**MATERIAL PROVIDED:**
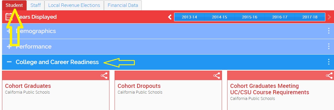 In response to changes in 2016 to how the state collects and reports 4-year cohort graduation and other outcome data, Ed-Data created three new sets of graphs to present richer experiences when you view graduation, dropout or UC/CSU eligibility data. These graphs are available at the school, district, county and state level in the College and Career Readiness section of the Student tab.
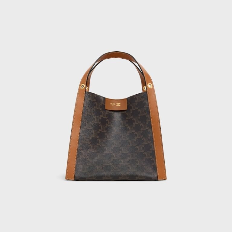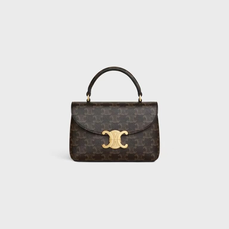 Celine Ava Triomphe Canvas Handbag with Tan Calfskin Trim Gold – Tone Hardware
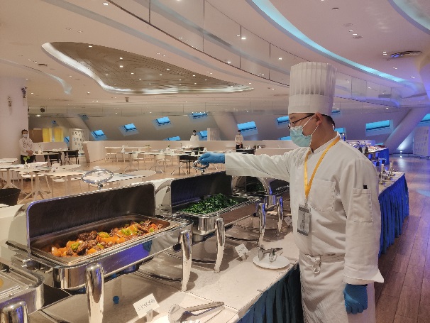 1月18日,所有服务人员完成核酸检测后进入闭环管理,在酒店指定区域工作、生活。

**WHAT NEEDS TO BE DONE:**
Images are to be left out; everything else in the material must be written out exactly.

**ANSWER SECTION:**
 In response to changes in 2016 to how the state collects and reports 4-year cohort graduation and other outcome data, Ed-Data created three new sets of graphs to present richer experiences when you view graduation, dropout or UC/CSU eligibility data. These graphs are available at the school, district, county and state level in the College and Career Readiness section of the Student tab.
 Celine Ava Triomphe Canvas Handbag with Tan Calfskin Trim Gold – Tone Hardware
 1月18日,所有服务人员完成核酸检测后进入闭环管理,在酒店指定区域工作、生活。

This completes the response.